With no real standard-of-care for Sanfilippo syndrome patients, Brian Bigger, Ph.D., discusses the sense of urgency he and his colleagues feel while researching.
With no real standard-of-care, it's easy to feel a sense of urgency in the clinic when trying to develop therapies for mucopolysaccharidosis III (MPS III; Sanfilippo syndrome).
At the 14th Annual WORLDSymposium, Rare Disease Report sat down with Brian Bigger, Ph.D, Professor of Gene and Cell Therapy at the University of Manchester. There, he spoke about the unmet need for therapies in the lysosomal storage disease space, the sense of urgency felt by him and his colleagues, and the connection between his team and the patient population.
Bigger: For Sanfilippo Disease, the standard-of-care is essentially nothing; there is no standard of care. It’s essentially palliative relief of symptomology. So, trouble with sleep might be treated with melatonin or with various antipsychotic drugs in order to reduce the occurrence of hyperactivity and so on. Typically, it's drugs that are used for ADHD, but, they have limited success and they are not really designed for this disease. I think that, ultimately, they don’t really do a lot in terms of managing the disease for the parents. Then of course there are constant recurrity and T — infections, surgeries and so on. As kids get confined to a wheel chair it becomes a really significant problem, as well for breathing difficulties.
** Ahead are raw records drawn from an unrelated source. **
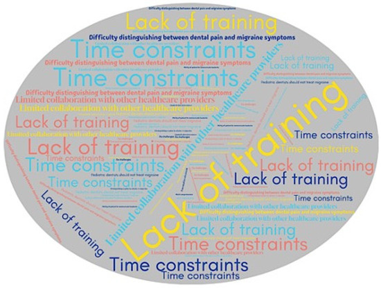 Word cloud illustrating the reported challenges in implementing headache/migraine management into pediatric dentistry practice. Larger size and more frequently repeated items reflect challenges more commonly mentioned by respondents.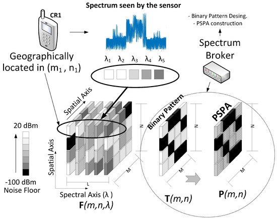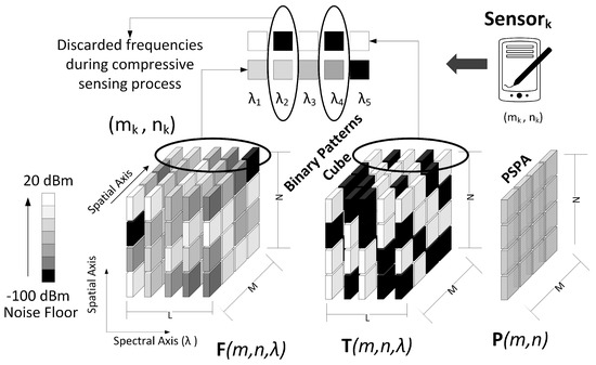 The data cube shown in Figure 8 is constructed using all samples of the spectral signals sent by the sensors, and knowing the values of all geographic points of the maps. However, in CSMC model only compressive samples in the frequency and spatial domains are used to construct the IM. In this sense, we propose the use of binary patterns that define which samples to take in each domain.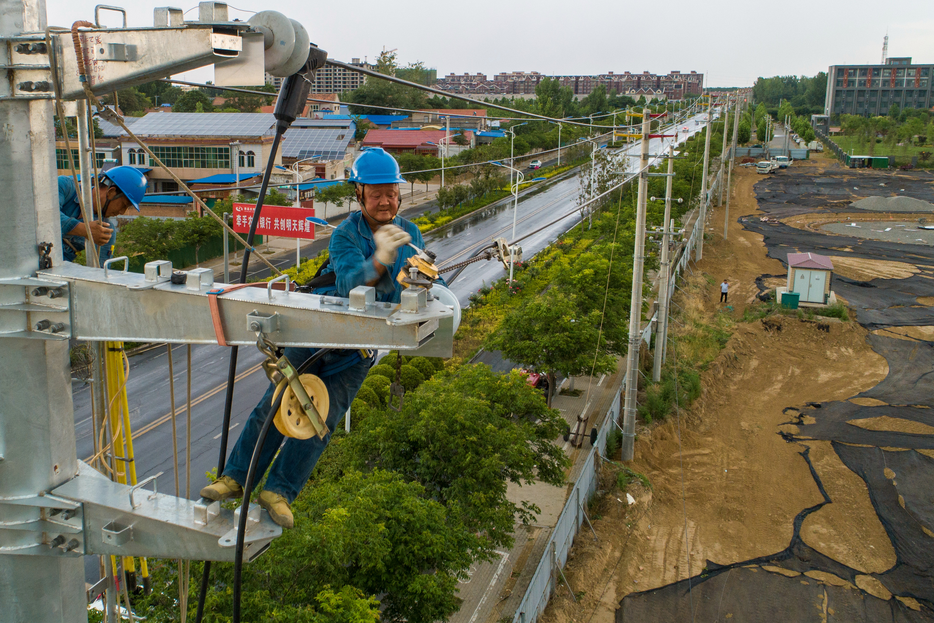 6月14日,天刚蒙蒙亮,雨后的夏风清爽舒适。凌晨5时,国网滑县供电公司40余名电力工人趁着早晨凉爽,已经在河南滑县新建10千伏学府线路施工现场开始作业,争取尽早完工。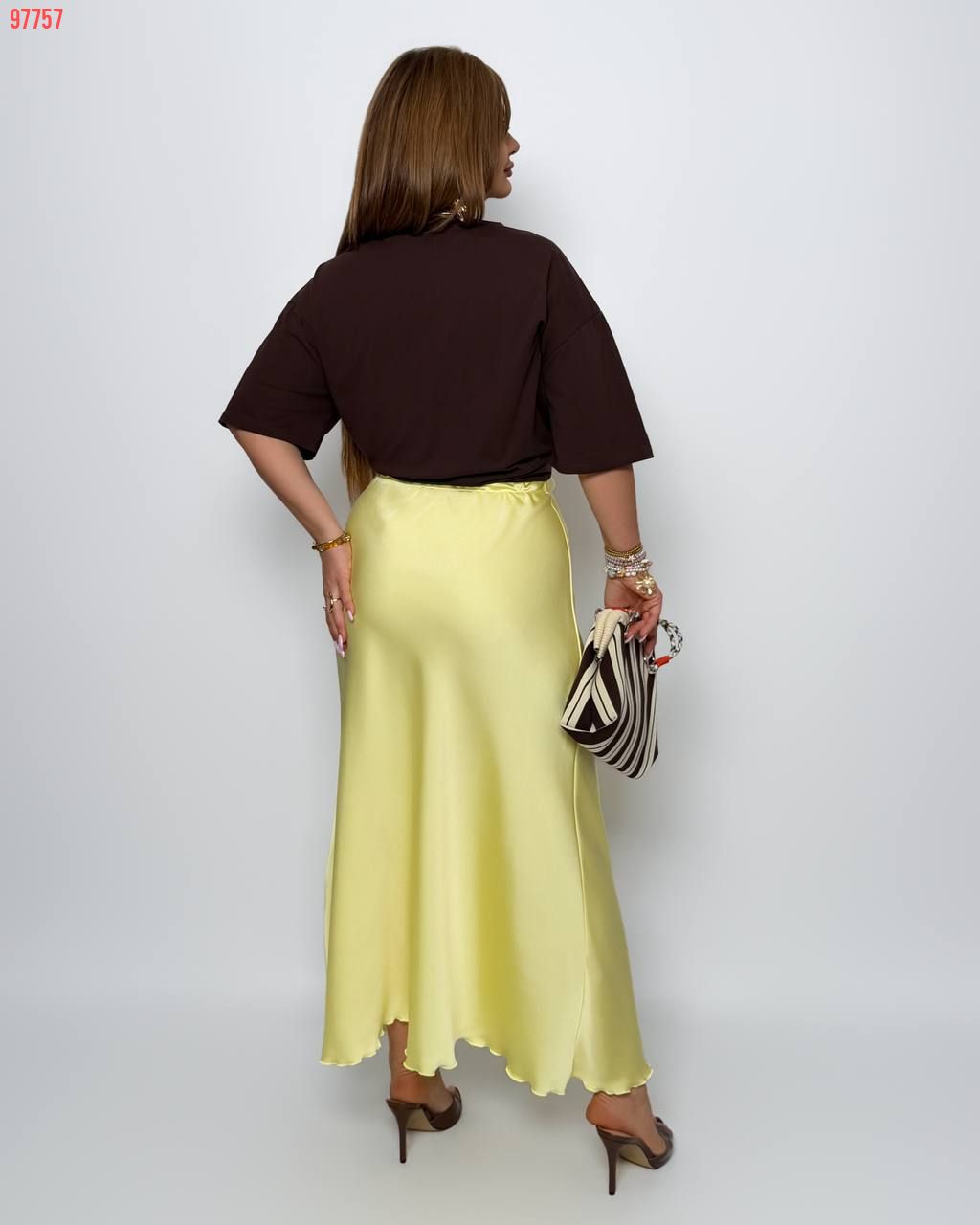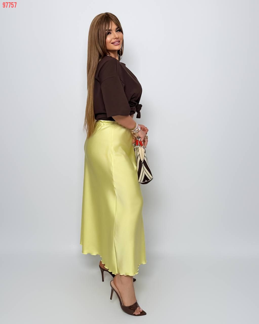 Спідниця з королівського атласу жовта №97757

Essentially, we need treatment because we don’t have anything out there at the moment. I’ve been working in this field now for 12 years and I’ve seen patients come and go who have basically missed the boat for treatment. It doesn’t get any easier every time you see it. What I can say is we are working as hard as we can and as fast as we can to develop these treatments. One of the reasons we wanted to develop a range of treatments. So, we started off with the substrate injection therapy with Genistein. We continued with gene therapy approaches which are really quite long term to develop into clinical trial. And we also came up with these anti-inflammatory approaches. I think you need a holistic approach to a disease like this because you need to have a lot of different options available and ultimately combination therapies will be the way forward for these treatments.